English

Your Friends & Neighbors, written and directed by Neil LaBute

Marketable despair

Neil LaBute's Your Friends & Neighbors is about a group of six men and women who for the most part treat each other shabbily. One man attempts an affair with a friend's wife. A second man reveals himself to be something of a sociopath. The women are scarcely more generous or enlightened. One complains bitterly about her partner's propensity for talk during sex. "Let's just do it, I don't need the narration," she snaps. Sexual dysfunction generally prevails and the remedies proposed are perhaps worse than the problems. In the course of the film a marriage breaks up, another relationship shatters, friendships come to an end. Everyone ends up unhappier than or as unhappy as he or she began, having learned nothing.

LaBute (the director of last year's In the Company of Men) seems to feel strongly that something has gone wrong with modern relationships. Who would argue with that? And certainly brutality, psychic or otherwise, is a legitimate subject for a film. ("What other subject is there?" asks one of Fassbinder's characters in Beware the Holy Whore.) But human relationships and their failings are serious matters and demand that one adopt a serious approach to them.

The writer-director calls his work "A Modern Immorality Tale." His characters are essentially nameless. (For the purposes of the credits they are given similar-sounding names: Mary, Barry, Terri, Cheri, Cary and Jerry.) They are ostensibly contemporary Everymen and Everywomen.

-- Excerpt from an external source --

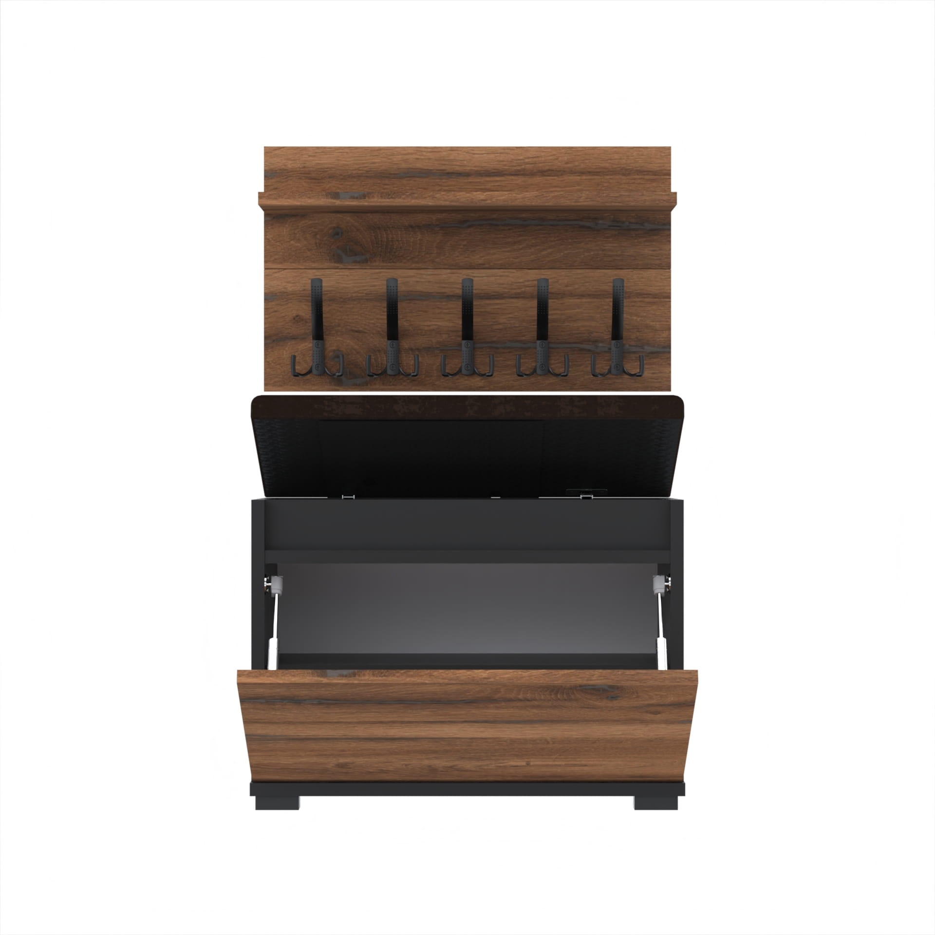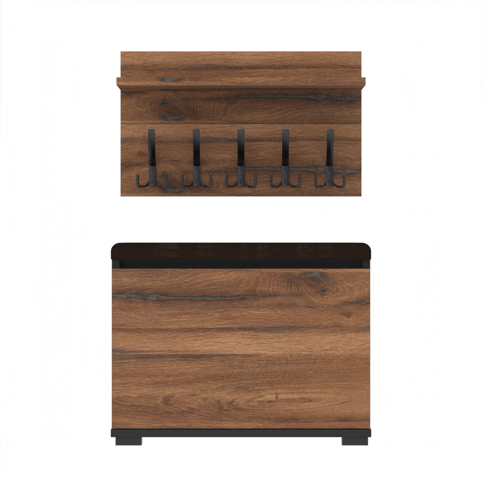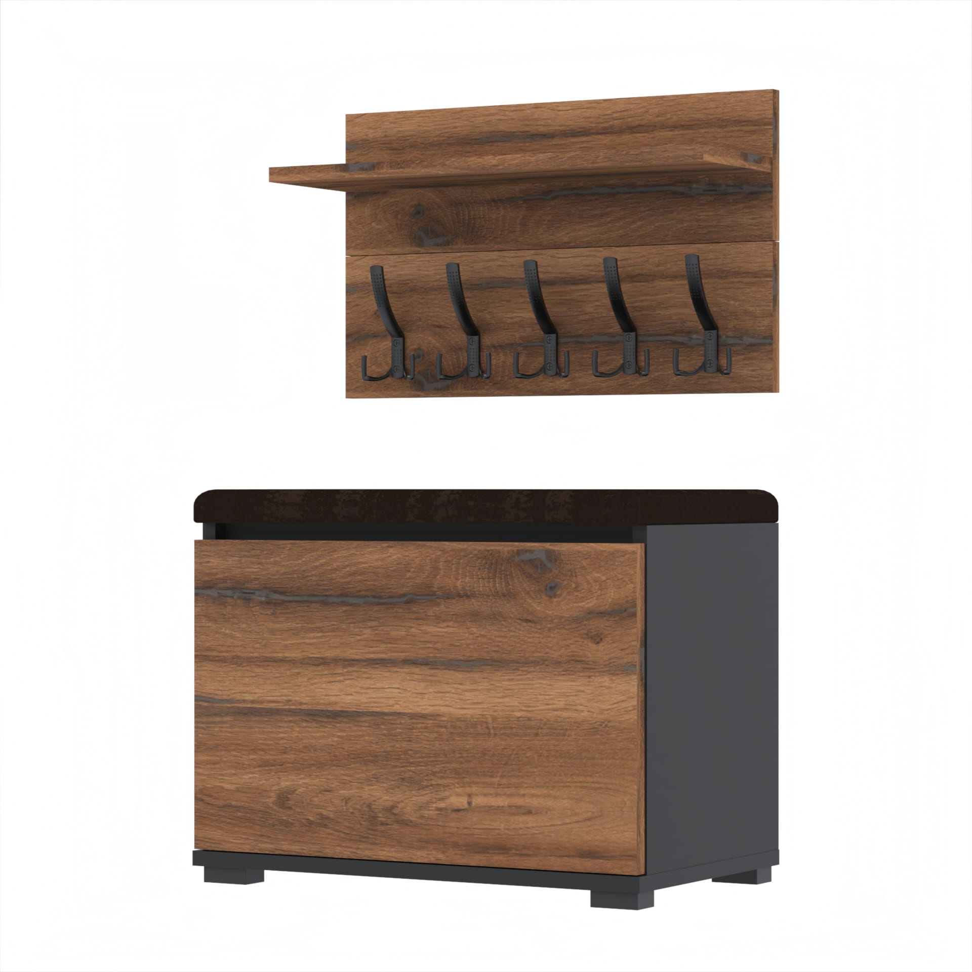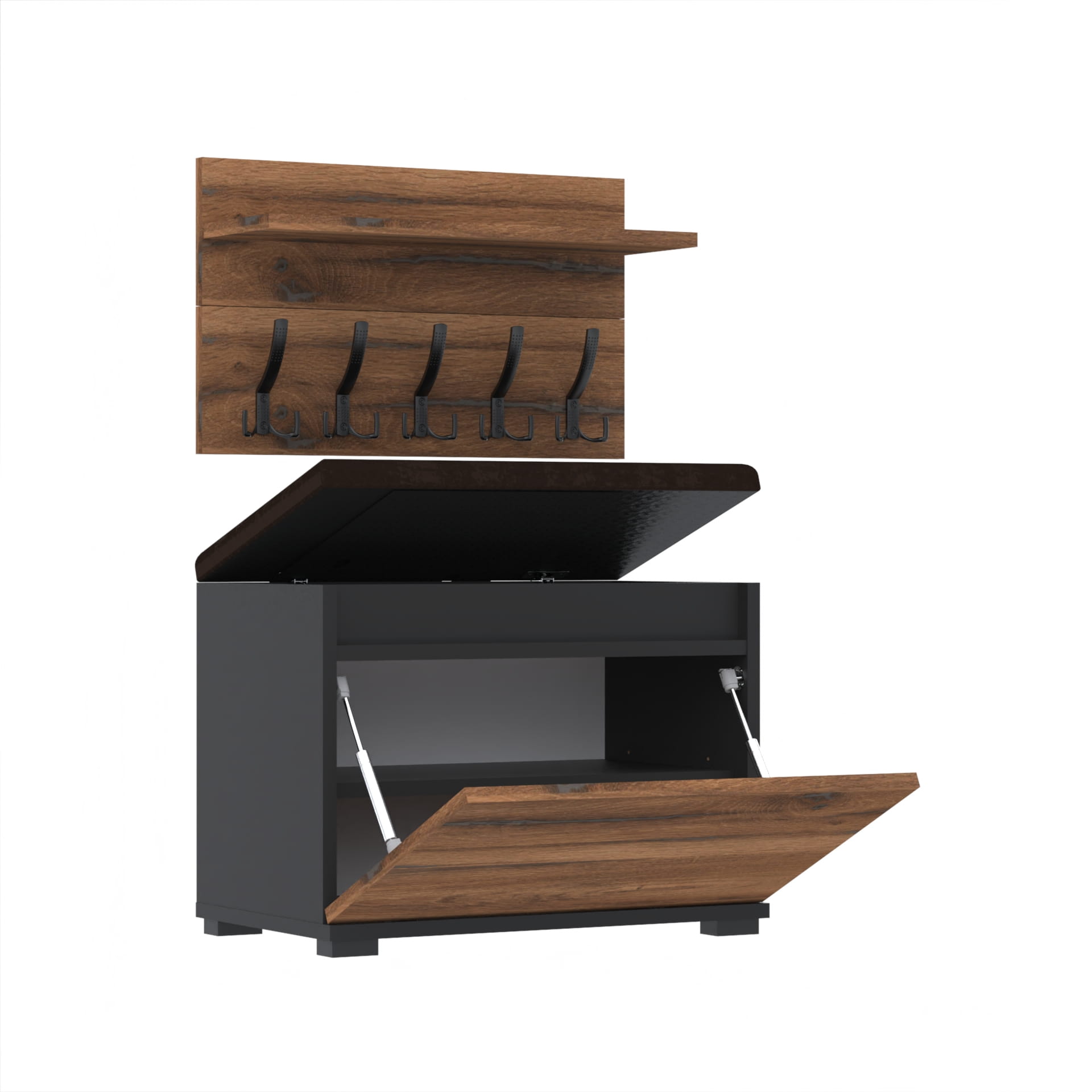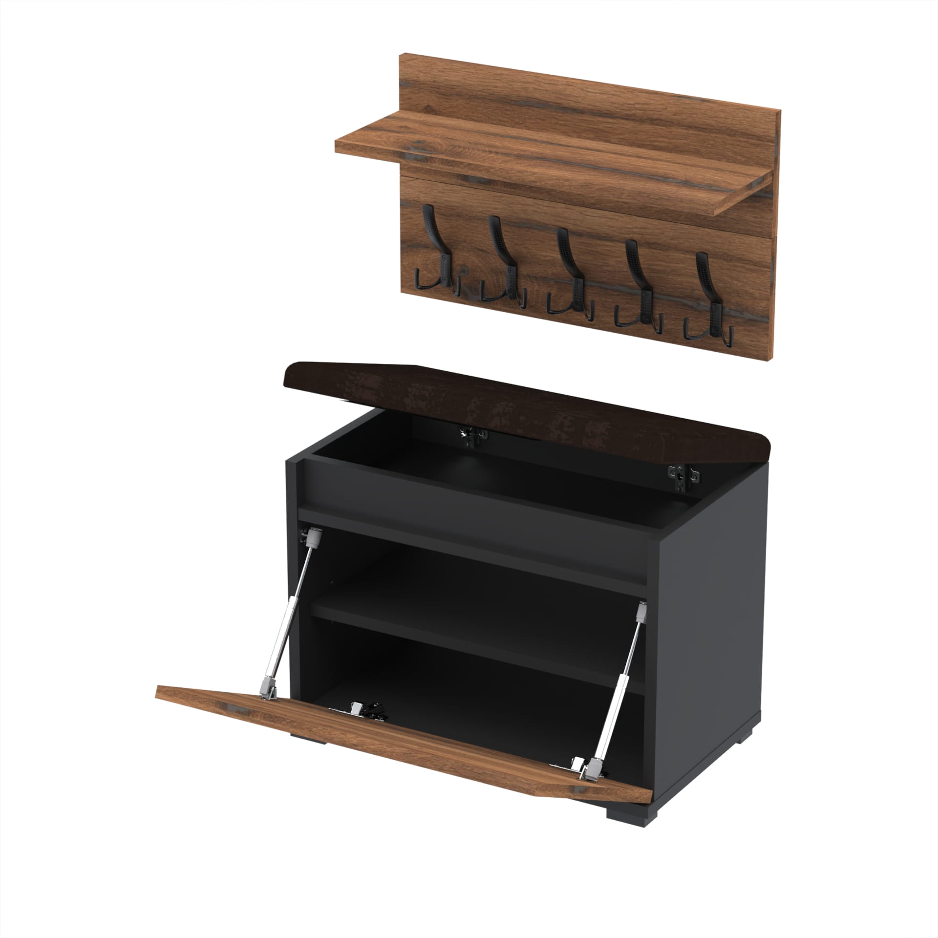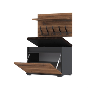 Szafka na buty z siedziskiem tapicerowanym, schowkiem plus wieszak ścienny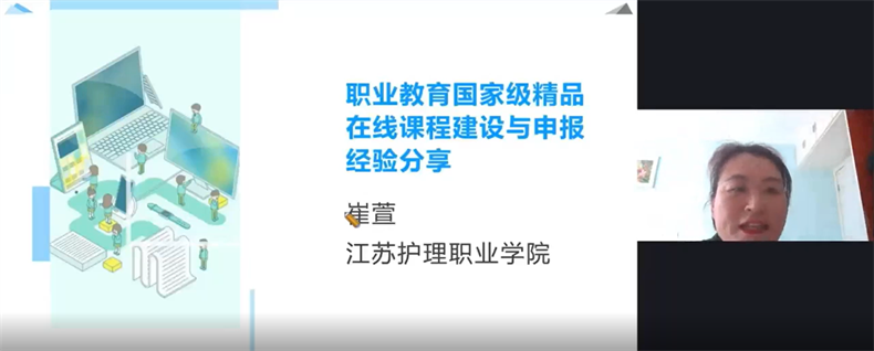 建設(shè)職業(yè)教育國(guó)家級(jí)精品在線課程是推動(dòng)職業(yè)教育教學(xué)改革,提高職業(yè)教育教學(xué)質(zhì)量的有效途徑。為助力院校打造國(guó)家級(jí)精品在線課程,崔萱副教授率先以學(xué)校建設(shè)的《助產(chǎn)綜合實(shí)訓(xùn)》國(guó)家級(jí)精品在線課程為例,從選題、課程目標(biāo)、資源建設(shè)、評(píng)價(jià)與考核、課后交流等環(huán)節(jié)作了經(jīng)驗(yàn)分享。

How much can be gained from this sort of abstract study of human relationships? Cruelty is not the natural condition of humanity and is, in fact, difficult to sustain. In general, people must have either an overriding, material stake in mistreating others, or a steady source of provocation. Central characters in each of LaBute's films have neither. Do coldhearted, entirely self-absorbed creatures exist? Yes. But they exist for a reason. They are, as unfashionable as this may sound, the products of social and psychological circumstances. They can be explained. Other films (as well as novels and plays) before this one have, with varying degrees of artistic success and social insight, associated selfishness and ruthlessness in personal relations with the specific character of American life in the 1980s and 1990s. There is no extraordinary mystery about the proliferation of such personalities.

LaBute's interest, however, does not seem to lie in a condemnation of the conditions that create unkindness, but in a blanket and superficial indictment of his fellow creatures. It is hard not to associate his notion of abstract, causeless Evil with the prevailing hostility toward tracing serious problems to their source in social life. Pragmatism, intellectual laziness and (lucrative) accommodation to a foul atmosphere come together here.

Make no mistake, while Your Friends & Neighbors is a relatively restrained piece, it is ideologically driven. LaBute became a Mormon while at Brigham Young University. He told a New York Times reporter, "It's a crazy thing about faith. Whether it makes scientific sense or logic, at some point it takes over and you say yes it's right, or not." The dramatically and intellectually pivotal scene of LaBute's new film takes place in a restaurant. The ineffectual Barry and the sadistic Cary are discussing good and evil. The latter admits that he is not a good person. Barry asks him whether he believes in God, divine punishment and such things. Cary replies: "If there ends up being a God or an eternity or anything like that ... we'll see. Until then, we're on my time."

Many great artists, including filmmakers (Bresson, Tarkovsky, etc.), have held religious beliefs. That is not the issue. But there is something about LaBute's outlook that fits too seamlessly into the current political and cultural picture. Why, for example, has this extraordinary moralist struck such a chord in Hollywood and with the media? Why has his outlook proven no hindrance in building up a successful career? His "darkness," his cynicism do not go against the stream in any significant sense. "People are all pigs, anyway!" is the self-serving, quasi-official watchword of the American political and media establishment. For its members this serves as the justification for past, present and future swinishness. Whatever LaBute may have had in mind, and one can even give him the benefit of the doubt here, many of his admirers are simply drawing malicious satisfaction from his work: "See, that's what everyone is like."

The essentially opportunist character of Your Friends & Neighbors finds its sharpest expression at the dramatic and aesthetic level. If one were to take seriously that a deeply spiritual sensibility was at work here, it would be difficult to explain the glib dialogue (which inflicts on us more of the generally unfortunate influence of David Mamet), the often clumsy acting (Ben Stiller and Amy Brenneman are not good; the talented Catherine Keener and Jason Patric are misguided; Nastassja Kinski is given little to do; only Aaron Eckhart shows any depth) and the bland images. There is very little in the look or feel of the film that hints at human tragedy, or even conditions of isolation and loneliness. It is, for the most part, rather brightly and cheerfully put together.

LaBute would have to produce a far different, far more difficult work to convince me of the sincerity or depth of his disgust with modern life; at the moment, he seems rather comfortably at one with it.